Una activista tuvo que recibir asistencia psicológica y psiquiátrica porque grupos extremistas la acosaron en sus redes sociales, le enviaron mensajes de odio y sacaron a relucir información privada de su familia. Ahora debe lidiar con un trastorno de ansiedad.
A otra activista le dijeron que recibiría golpizas y violaciones. Lógicamente, las amenazas tuvieron un gran impacto en su vida. Se vio obligada a tomar medidas de seguridad como cambiar sus rutas habituales.
En el informe “La Situación de los Derechos Humanos. Discursos y acciones que niegan derechos”, del Centro Montalvo (en el que trabajé junto con el equipo de la institución) se resalta que el odio ya no se queda solo en palabras.
Los fanáticos han dado un paso más y han agredido a migrantes y a gente de la comunidad LGBTQ y a defensores de sus derechos. Otros grupos, como las mujeres, las feministas, los colectivos culturales que trabajan con manifestaciones relacionadas con la afrodescendencia también reciben insultos y palabras de odio.
Estos discursos y acciones no solo dañan la salud física y mental de individuos y de diversos grupos, también lastiman el tejido social, dificultan la vida en comunidad y crean un ambiente de crispación. ¿Queremos vivir así?
Como era de esperarse y ya se había advertido, la impunidad con la que se le ha permitido actuar a estos grupos extremistas, los envalentonó para amenazar y tratar de intimidar a cada vez más personas. Ahora los intentos de intimidación empiezan a tocar la puerta de medios de comunicación tan bien establecidos como Diario Libre, no solo a periodistas de manera individual.
Si renunciamos a las músicas, los bailes, las maneras de hablar, cocinar, resistir la opresión y vincularnos que nos dejaron el cimarronaje y la herencia africana, perderemos la dominicanidad que tanto dice defender gente que utiliza la violencia como argumento.
¿Qué más tiene que pasar para que las autoridades utilicen mecanismos democráticos e institucionales para frenar a gente que claramente pone en peligro la convivencia pacífica y violenta la ley?
Y no se trata solo de fomentar acciones punitivas. El hecho de que un grupo de fanáticos, aunque sea pequeño, de distintas partes del país, se presten a realizar o a apoyar llamados a la violencia, a sacar a gente de la comunidad LGBTQI del espacio público, y a rechazar manifestaciones culturales relacionadas con la afrodominicanidad, debe hacernos reflexionar.
El rechazo a una parte central de nuestra cultura nos indica los niveles de enajenación e ignorancia a los que han llegado ciertos grupos.
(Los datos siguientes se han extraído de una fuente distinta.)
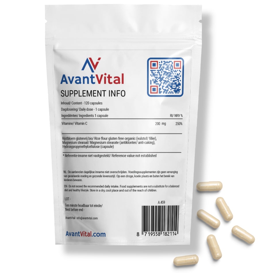 Vitamine C van AvantVital biedt een krachtige dosis van 200 mg per capsule, wat bijdraagt aan de dagelijkse behoefte van het lichaam. Bovendien bieden wij dit supplement aan in een praktische, hersluitbare verpakking met 120 capsules.

Si renunciamos a las músicas, los bailes, las maneras de hablar, cocinar, resistir la opresión y vincularnos que nos dejaron el cimarronaje y la herencia africana, perderemos la dominicanidad que tanto dice defender gente que utiliza la violencia como argumento. Por fortuna, la cultura no es algo que un pajarito pueda quitarnos en la noche mientras dormimos. A pesar de nosotros mismos, estas manifestaciones se quedarán entre nosotras y nosotros y mutarán con los cambios sociales.
Se necesitan acciones educativas desde distintos espacios: medios de comunicación, organizaciones sociales, escuelas y universidades públicas y privadas para promover los derechos humanos, y los mecanismos de convivencia pacífica en una sociedad plural. Las personas podemos reflexionar, modificar creencias y aprender a dialogar. Hasta los más fanatizados pueden salir de su burbuja: la educación y la ayuda profesional ha logrado salvar hasta a gente que formaba parte de sectas peligrosas.
No tenemos que pensar de la misma forma. Pero debemos debatir y dialogar sin que nadie sienta que no puede ir, de forma segura, al parque Duarte de la zona colonial o a cualquier otro espacio de la ciudad o del país.
Y, por supuesto, nadie tiene derecho a propiciar, con mentiras, noticias falsas y discursos estigmatizantes, un ambiente de desprecio, miedo y deshumanización contra ningún colectivo.
Ya sabemos a donde nos puede llevar una narrativa de miedo, odio o de deshumanización contra un grupo. La historia está ahí. Quizás antes de cada “noche de los cristales rotos”, antes de cada día de machetes desenfrenados hubo un momento o varios en el que mucha gente pudo hacer algo para detener la tragedia sin asumir grandes riesgos. Y mucha gente no hizo nada porque minimizó el alcance del problema, tuvo miedo de ser llamada traidora o era más cómodo actuar desde una falsa imparcialidad, con discursos sobre una paz que se asienta en dinamita.
No hay paz sin ciertos niveles de justicia y no hay paz sin normas básicas de convivencia. El momento de fomentar y mantener la paz es ahora, con la ley en una mano, y la educación y la creación de espacios de convivencia en la otra. Después de nada servirán las lágrimas de cocodrilo.